Nest of Vipers Read online

Page 19


  Then the son dug inside again to see what else he could find to offer. He found his own children there, two of them – a boy and a girl. The girl had known misery. He gave her to his father in the hope that he’d cure her. Then he gave his precious son too. But the father remained indifferent.

  In despair the master fled from his father’s sight. Weeping overtook him, both in his dream and in his sleeping chamber, where I recorded everything among the fearful slaves. He fell to wrenching sobs that saw him curl up like a foetus in his bed. But still he didn’t wake. Then abruptly he stopped. In his dream he had glanced over his shoulder to his father in the distance. The old man was no longer alone – the master’s brother had joined him – a rival for their father’s love. But now the father was laughing, his face softened with affection and joy. He was kissing the rival brother’s hand.

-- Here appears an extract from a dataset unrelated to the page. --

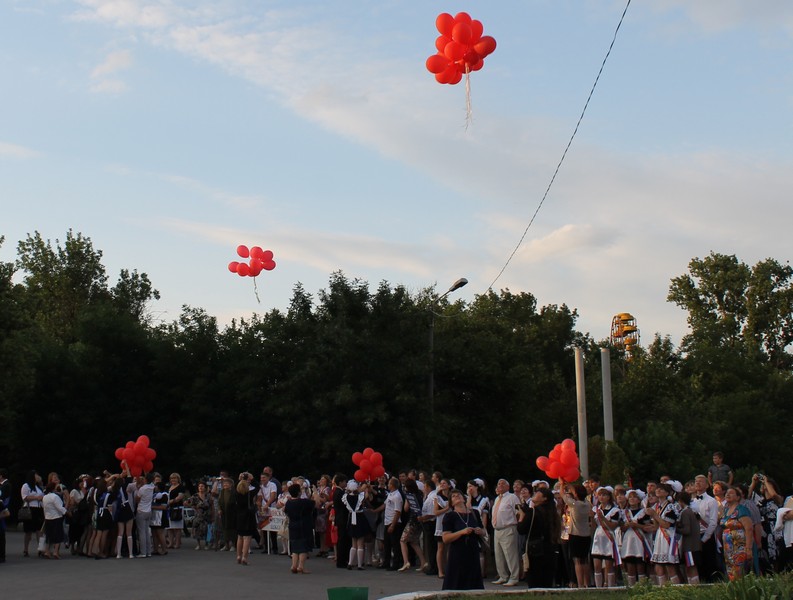 Для гостей праздника с танцевальными и песенными номерами выступили выпускники и учащиеся школ. Торжественная часть мероприятия завершилась запуском в небо разноцветных воздушных шаров и исполнением выпускниками венского вальса.

  ‘He is no son to you, Father,’ the master called out in his sleep. ‘I am your son – it is me.’

  But the father was deaf and the master couldn’t be heard. The brother heard him perfectly, however, and turned to sneer at him, as he always had from the very first day they had met. The brother dismissed the master, pronouncing him inferior, ill-born and weak. ‘You’re just a slave,’ the brother taunted him.

  The master was consumed with rage. ‘I’ll kill you for this!’ he called out. ‘I’ll kill you for it!’

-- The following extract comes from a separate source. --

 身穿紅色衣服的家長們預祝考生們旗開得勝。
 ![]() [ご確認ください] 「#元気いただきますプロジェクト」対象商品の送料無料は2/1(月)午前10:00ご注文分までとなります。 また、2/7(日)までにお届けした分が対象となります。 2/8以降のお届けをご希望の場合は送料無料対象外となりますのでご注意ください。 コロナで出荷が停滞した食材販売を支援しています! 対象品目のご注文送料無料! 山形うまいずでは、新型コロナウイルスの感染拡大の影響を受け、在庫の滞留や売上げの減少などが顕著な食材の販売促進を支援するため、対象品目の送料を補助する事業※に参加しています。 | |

  In the room some of the listening slaves gasped with shock to hear their sleeping master shouting this from his bed. But others looked grimly at each other, knowing better what this dream was about. ‘What else can he do?’ one of them muttered. ‘He does in his dream what he should do in life.’

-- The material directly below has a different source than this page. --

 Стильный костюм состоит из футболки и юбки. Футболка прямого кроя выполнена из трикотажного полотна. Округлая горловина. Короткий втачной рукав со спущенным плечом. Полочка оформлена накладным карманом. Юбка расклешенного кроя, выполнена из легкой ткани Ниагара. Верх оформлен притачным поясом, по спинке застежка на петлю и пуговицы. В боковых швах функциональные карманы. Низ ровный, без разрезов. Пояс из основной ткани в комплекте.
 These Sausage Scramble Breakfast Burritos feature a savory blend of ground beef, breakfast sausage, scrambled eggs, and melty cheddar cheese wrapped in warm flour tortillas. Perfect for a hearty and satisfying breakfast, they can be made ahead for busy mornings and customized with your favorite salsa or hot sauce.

  But in the dream the master’s courage failed him. He called out for his wife.

  In the sleeping room the slaves jumped with fear and ran about to ensure the doors were closed. When they were sure their mistress couldn’t hear, they crouched at the walls to observe what would happen next. The master’s wife came to him in his dream and his sobbing resumed. The brother was right to call him weak and inferior; the sobbing was shameful. But the most loyal of the slaves in the sleeping room begged in whispers to the others that they remember this was only a dream, not life. The others nodded, echoing his words. Their master was a man they admired. After the Emperor, he was the highest man in Rome. The Empire would be his one day.

  The dream wife comforted the master, nursing him like a boy. She dried his tears with her veil and told him that his father’s love would soon be his, but only if he honoured his threat. He must kill his brother. There was no other way. Then he would be rid of him forever. Then his father would give him back his heart and his hopes and his children. Then he would win back his future.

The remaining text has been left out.